Сиденье, в котором я прожил почти два года, которое успело продавиться под меня, обняло, казалось, не только со спины, но и спереди. По телу разлилось спокойствие. Но расслабляться рано.

Я достал из кармана коммуникатор и набрал Сашкин номер. Гудок. Еще гудок. Пятый, десятый. Да где же ты пропал? Пятнадцать. Черт побери! Жил, как барин, ни в чем себе не отказывал, а подохну, похоже, нищим. Да еще и не своей смертью. И все потому, что Семенов так не вовремя развлекается с какой-то телкой! Восемнадцать, девятнадцать, двадцать…

– Возьми трубку, скотина! – проорал я в микрофон.

– Ты чего кричишь? – спокойно ответил Саня.

– А раньше ответить западло было? – поинтересовался я.

– Извини, Лешка. Я в лаборатории, шумно тут. Звонка не слышал.

Эх, Семенов, Семенов. Все одноклассники в люди выбились. Кто директор, кто начальник, кто депутат, а кто и мэр. А Сашка – физик. Непутевый у нас Сашка. Как окончил Прикладную Математику и Физику, так и остался на кафедре. Лично мне прикладная физика пригодилась в жизни всего один раз – когда, еще на моей первой машине – ВАЗовской копейке кузов прогнил так, что посадочное место под аккумулятор просело и проводов не хватало. Тогда я взял учебник по прикладной физике, как раз подходивший по размеру, и подложил его под батарею. Бинго! И от книг в жизни польза случается!
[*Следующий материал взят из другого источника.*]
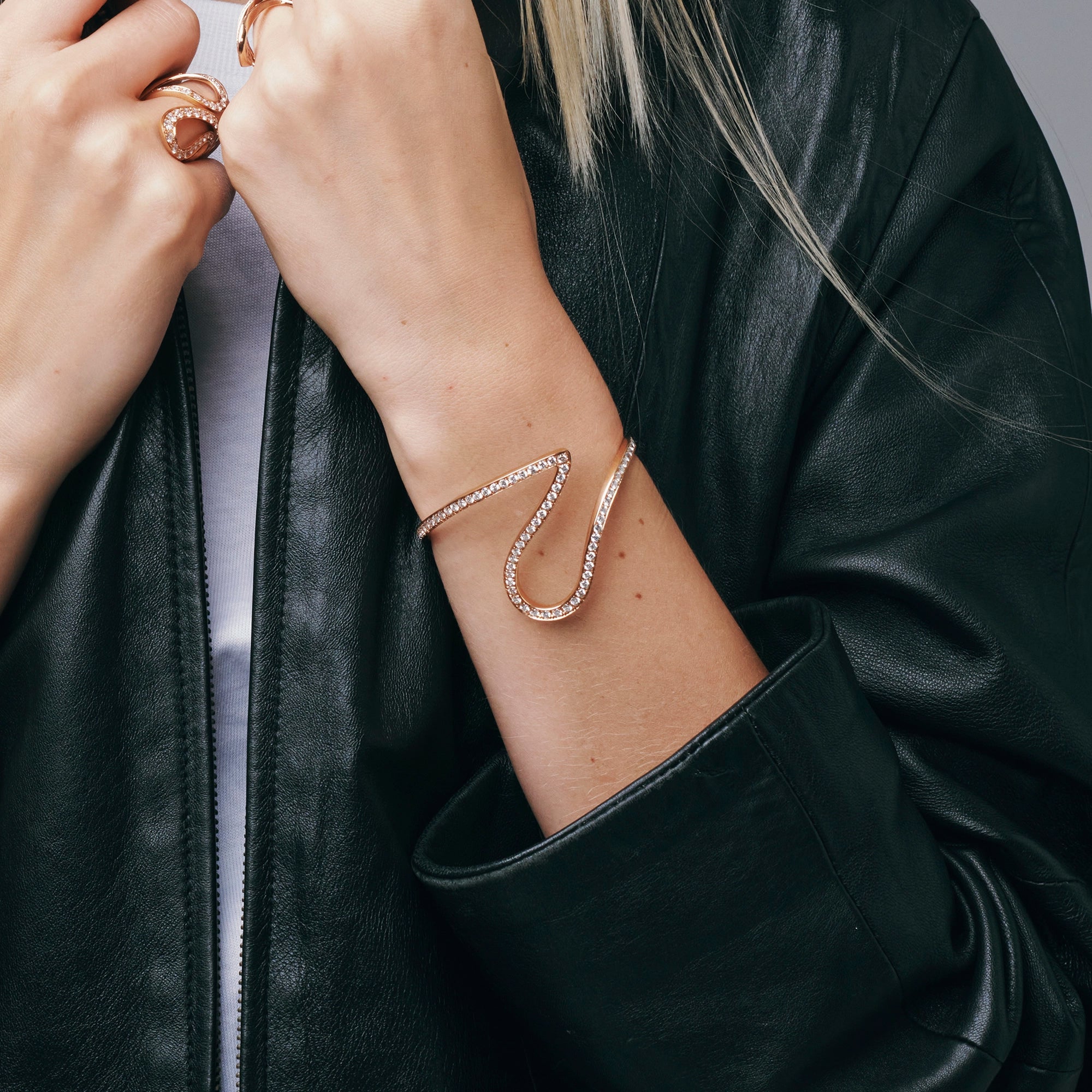 A curvy, refined bangle with pavé diamonds and a side hinge. The enveloping shape elegantly follows the movement of the wrist, transforming light into a distinctive signature. A sculptural piece that expresses transformation and femininity with bold character and understated style.

Где-то Саню понять можно – башка у парня варит, как самовар. Да и отец его там же всю жизнь отгрохал, пока в Принстон преподавать не пригласили. А Семенов здесь остался, хотя тоже мог свалить. Впрочем… есть момент, который я понять не могу. Откуда у него деньги берутся? Зарплата у преподавателя и кандидата наук – копеечная. По моим меркам. Откуда же, скажите пожалуйста, у него трехэтажный коттедж и новый Brabus? Не тетрадки же он из универа тырит, чтобы на макулатуру сдавать!

– Дружище, – произнес я. – Мне срочно нужна твоя помощь.

– Что-то случилось? – по-прежнему невозмутимым тоном спросил одноклассник.

– Да, дружище, случилось. Я – в жопе!

– Как-то не слишком оптимистично…

– Поверь мне, в моем положении дышать – уже оптимистично.

– Я, как уже говорил – в лаборатории, – ответил Семенов. – Приезжай.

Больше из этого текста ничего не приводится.